Your instructions — Everything from the opening line of the records below up to and including the line containing "今回のテーマは「共存する運命" should be retyped exactly, minus the pictures.
# # # # #
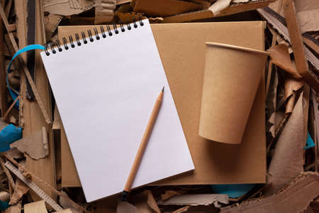 Recycling concept and waste paper heap. Coffee cup and product from recycled paper
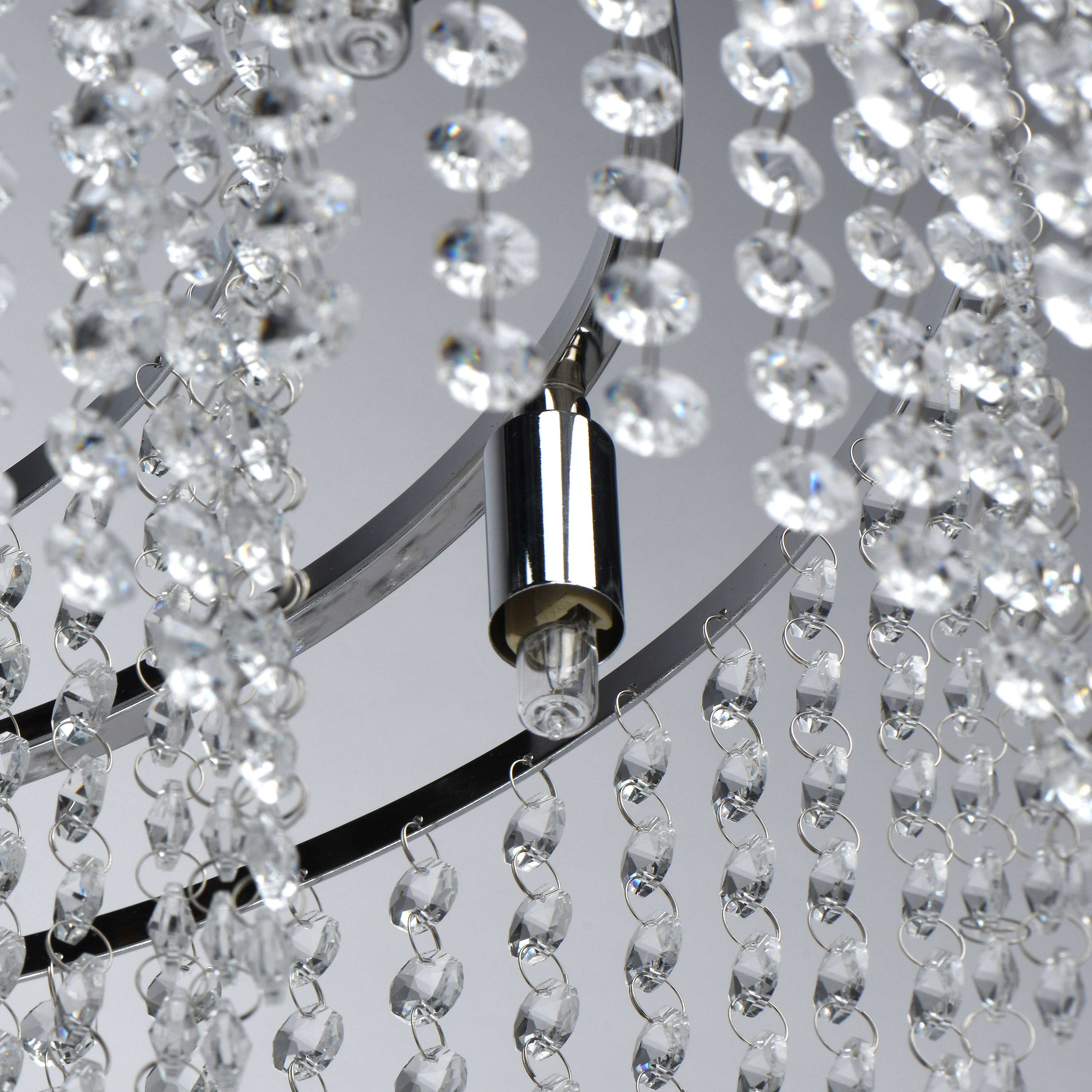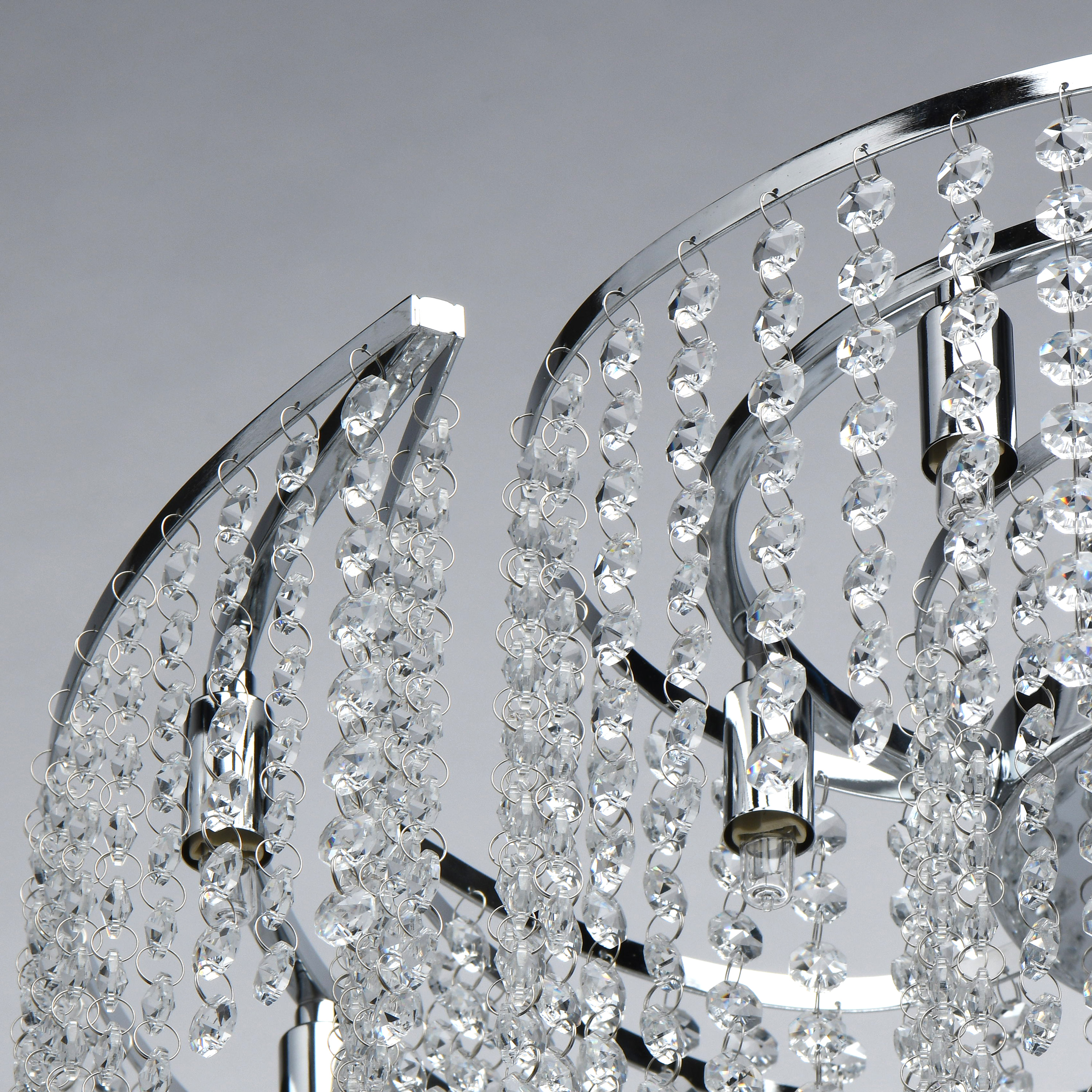 Трендовый дизайн люстры с богатым декором добавляет шика в интерьер. Компактная высота светильника идеальна для стандартной высоты потолка. Хрустальный декор искусно декорирует источники света и создает эффектные узоры на стенах. Различные варианты цветового решения облегчают выбор.Стилевые решения интерьера
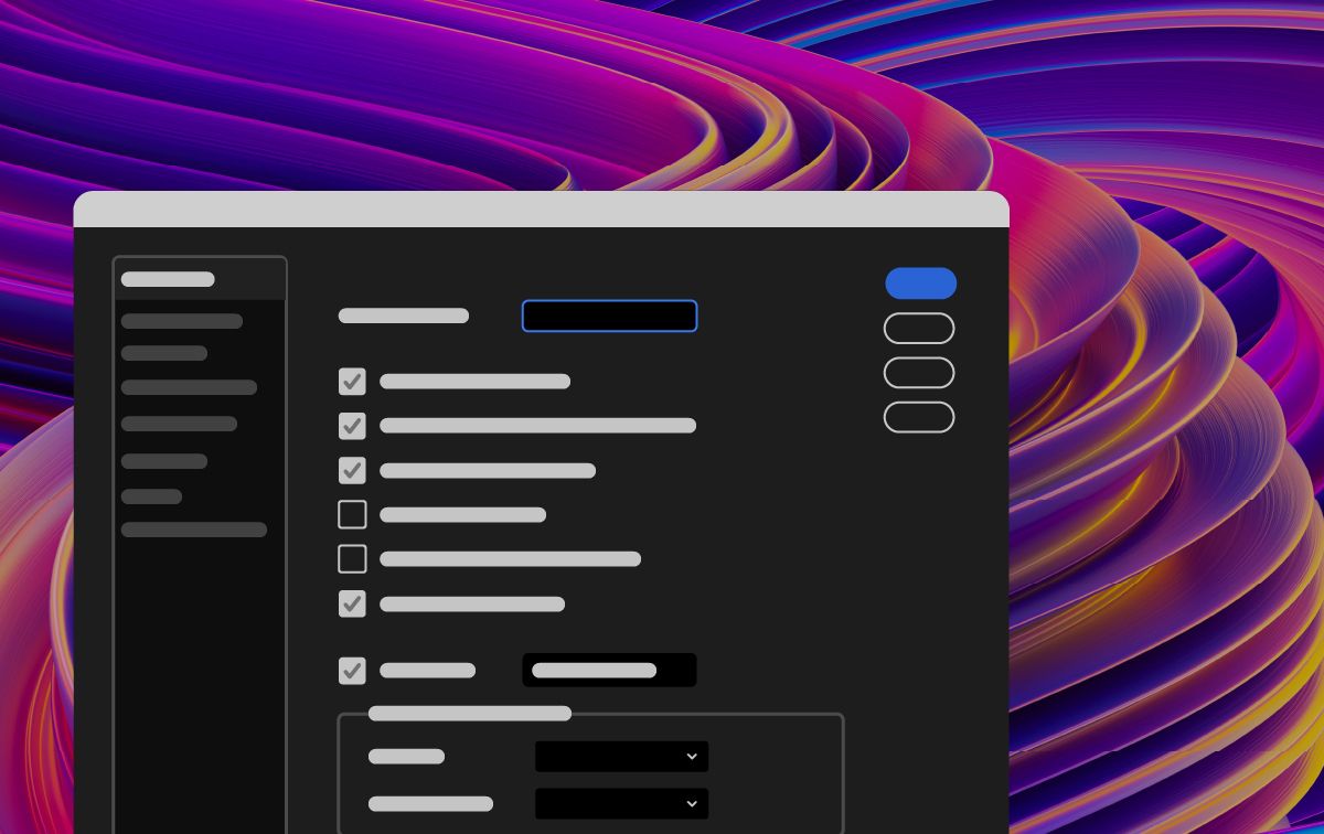 O After Effects agora está com um novo design moderno e mais consistente. Com dois modos escuros, um modo claro e um modo de acessibilidade de alto contraste, é possível personalizar a aparência de acordo com as suas preferências.
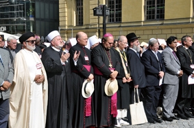 今回のテーマは「共存する運命」で、集いは九月十一日から十三日までの日程で開催された。十一日は、開会式に先立ちマルシュタルプラッツ広場にはクリスティアン・ヴルフドイツ連邦共和国大統領を迎えて「九・一一同時多発テロ追悼式典」が行われた。出席した全宗教者が犠牲者に黙祷を捧げ(写真・上)、鎮魂の鐘が打ち鳴らされる中、犠牲者を悼む焼香が行われた。
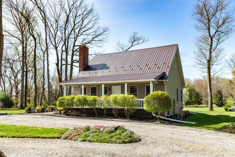 As you drive through the gates leading to this homestead, you'll feel right at home in your own personal sanctuary. Tucked away on a level 2.88-acre lot this property has all of the features of a park-like setting surrounded by beautiful trees, shrubbery, and flowers. The spacious cape cod style home offers three generously sized bedrooms, two full baths, and a spotless lower level. The primary bedroom is conveniently located on the main level and features an immaculate full bath. A covered front porch and an open-air deck right off of the kitchen and dining area are perfect for entertaining. Additional amenities of this home include a metal roof (2017), a completely remodeled kitchen with an abundance of soft closing drawers and cabinets and stainless-steel appliances, replaced floorings (2018, 2022), a Pioneer mini-split (2019), ceiling fans with lighting, and a brick fireplace which includes an energy-saving top damper installed in 2018. The cedar siding exterior fits perfectly with this property and setting. The circular driveway allows for an abundance of parking for guests along with a three-car detached garage for your toys.
# # # # #
Result —
 Recycling concept and waste paper heap. Coffee cup and product from recycled paper
 Трендовый дизайн люстры с богатым декором добавляет шика в интерьер. Компактная высота светильника идеальна для стандартной высоты потолка. Хрустальный декор искусно декорирует источники света и создает эффектные узоры на стенах. Различные варианты цветового решения облегчают выбор.Стилевые решения интерьера
 O After Effects agora está com um novo design moderno e mais consistente. Com dois modos escuros, um modo claro e um modo de acessibilidade de alto contraste, é possível personalizar a aparência de acordo com as suas preferências.
 今回のテーマは「共存する運命」で、集いは九月十一日から十三日までの日程で開催された。十一日は、開会式に先立ちマルシュタルプラッツ広場にはクリスティアン・ヴルフドイツ連邦共和国大統領を迎えて「九・一一同時多発テロ追悼式典」が行われた。出席した全宗教者が犠牲者に黙祷を捧げ(写真・上)、鎮魂の鐘が打ち鳴らされる中、犠牲者を悼む焼香が行われた。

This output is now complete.